The PARLIAMENTARY SECRETARY to the TREASURY (Captain Margesson)

I beg to move, "That the Chairman do report Progress, and ask leave to sit again."

There have been appeals made to the Government from all parts of the Committee that further time should be given for the consideration of the matter now before the House. The Government never wish to dragoon the Committee, particularly their own supporters, at a late hour. This Order will be put down as the first Order to-morrow.

Mr. LANSBURY

I would like to know from the Patronage Secretary how much time in the early part of the day is likely to be given to this Bill. We have a Motion on the Paper which it is proposed to discuss to-morrow and, from the large number of hon. and learned Gentlemen who were rising to their feet at this hour of the morning, I am sure that there will be still a larger number, and the speeches will be of greater length, at a more reasonable hour. I think we had better see it through this morning and get it done. A bargain is a bargain in this Committee. The Opposition have not attempted to use the power that an Opposition might possess in regard to business during these last few days. There is an honourable understanding as to the business to be taken to-morrow. This Bill is highly contentious, and, if it is adjourned until to-morrow, there will be no time for our Motion at all. I think that that would be an abuse of the power of the majority. I am, therefore, protesting against the Motion to report Progress unless we can get some sort of assurance as to how much time is to be given to this Bill to-morrow.

Captain MARGESSON

The last thing I would wish to do is to act unfairly. The Leader of the Opposition has treated the Government all through this Parliament with the greatest consideration and, indeed, helpfulness. I would just remind him that when the statement of business was made by the Prime Minister last Thursday it was specifically announced that the remaining time on Wednesday would be allowed to the Opposition for their Motion. I would' ask him not to make the assertion that the Government are breaking their bargain. The bargain is that we must first dispose of Government business tomorrow. There has been a certain discussion this evening, and a certain number of speeches. There are obviously other hon. and learned Members who have other points to make, but I cannot believe that a great deal of time will be occupied. There will be no desire to obstruct. On a point of that kind, I can make no hard and fast bargain; yet I am equally satisfied that the Committee as a whole do not wish to upset the arrangement.

Mr.
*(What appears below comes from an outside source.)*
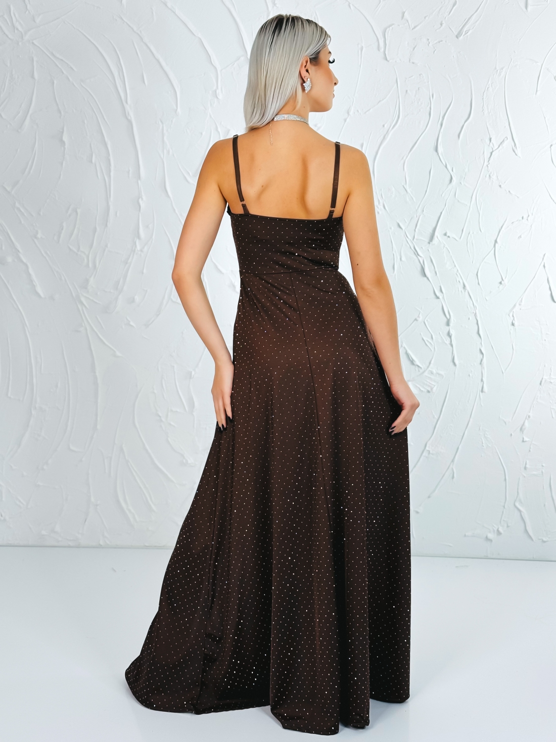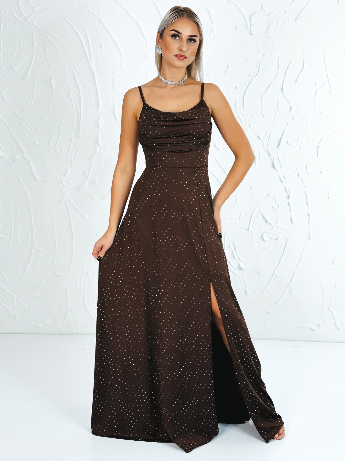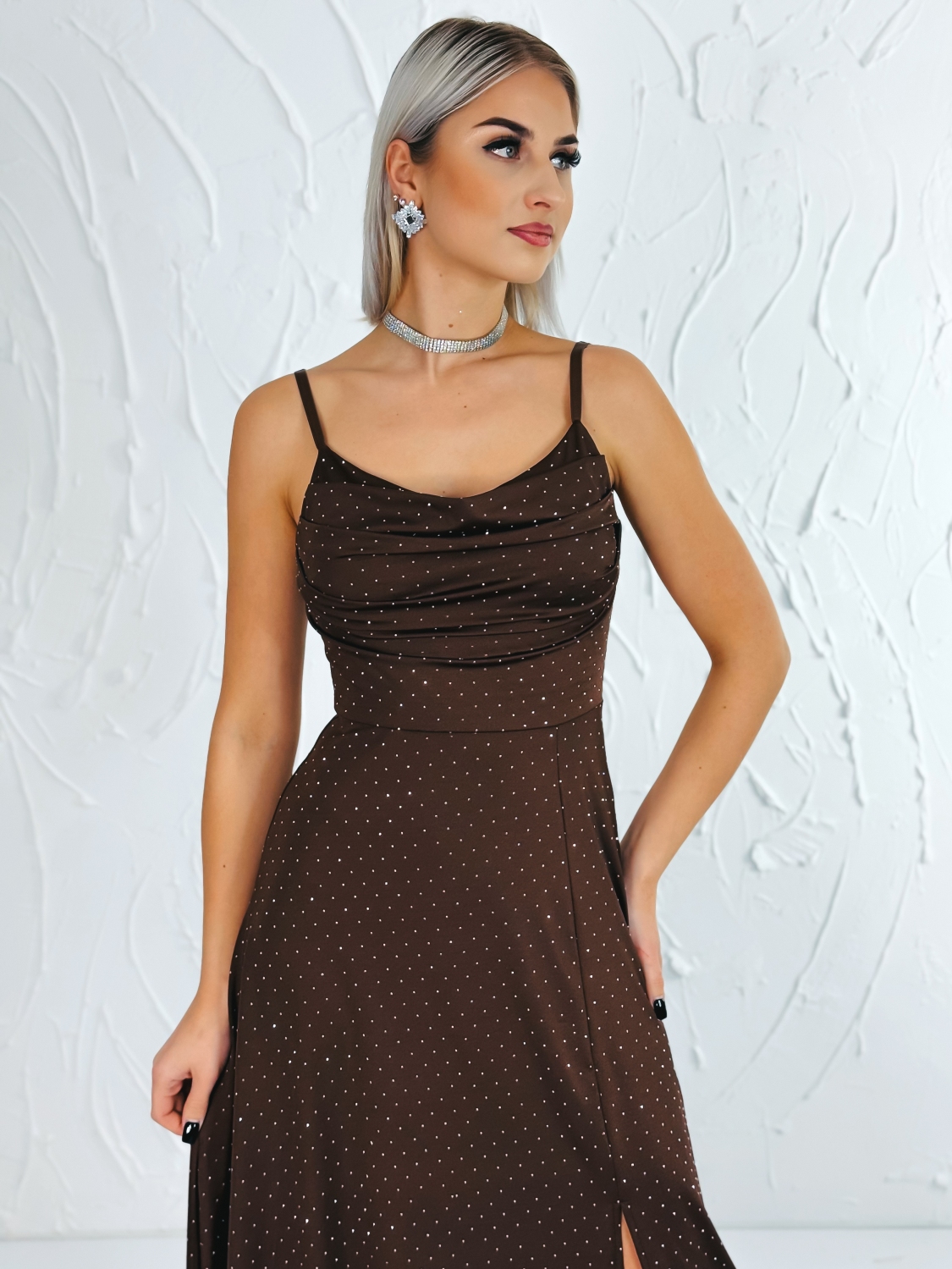 Tieto dámske spoločenské šaty sú navrhnuté s dôrazom na eleganciu, vhodné na slávnostné príležitosti, plesy, svadby alebo večerné eventy. Materiál je jemný a príjemný na dotyk, s jemnými kamienkami rozptýlenými po celej dĺžke šiat, čo dodáva šatám luxusný a žiarivý efekt pri každom pohybe. Strih je dlhý až po zem, čím opticky predlžuje postavu, a elegantný vysoký rozparok na jednej strane pridáva šatám nádych zmyselnosti a dynamiky. Horná časť šiat je zdobená mierne riaseným výstrihom a tenkými ramienkami, ktoré jemne odhaľujú ramená a dekolt, pričom zachovávajú sofistikovaný a elegantný vzhľad. Zadná časť šiat sa zapína na diskrétny zips, ktorý umožňuje pohodlné obliekanie a zároveň zabezpečuje dokonalé priliehanie šiat k postave. Vďaka precíznemu strihu sa šaty krásne prispôsobia krivkám tela a zvýraznia ženskú siluetu, pričom poskytujú komfort pri pohybe. Tieto šaty sú ideálne pre ženy, ktoré chcú pôsobiť elegantne, štýlovo a zároveň jemne zmyselne, pričom každý detail – od jemných kamienkov, cez rozparok až po zapínanie na zips – je premyslený tak, aby vytvoril harmonický a luxusný celok.

LANSBURY

It is quite true that the Government business was to be finished first, but it is equally true that these Bills were considered as non-contentious. It has been discovered by the legal gentlemen whose duty it is to discover these things—[Interruption.] Hon. and learned Gentlemen say that something should be done. The Solicitor-General says that something else should he done. I am a layman in these matters, and what is a layman like me to do. Ordinary people may get in the cart. The point is that when we made this arrangement we all thought that the Government business to-morrow would not be highly contentious. If this business gets going to-morrow in the fashion it has started this evening, there will be no discussion on secondary education. I only want to safeguard that. The last statement of the Patronage Secretary was received with approval by the Committee, and I think my friends and I will depend on the decency and generosity of the Committee to see us through.

Sir W. GREAVES-LORD

May I first of all thank the Patronage Secretary for the way in which he has met us. After what has been said, we shall certainly do all we can to keep the discussion within reasonable limits and with due regard to the importance of the subject. May I also express my pleasure at the fact that the Leader of the Opposition has at last discovered that it is the duty and the privilege of lawyers to defend liberty.

Mr. LANSBURY

Lord help liberty!

Committee report Progress; to sit again To-morrow.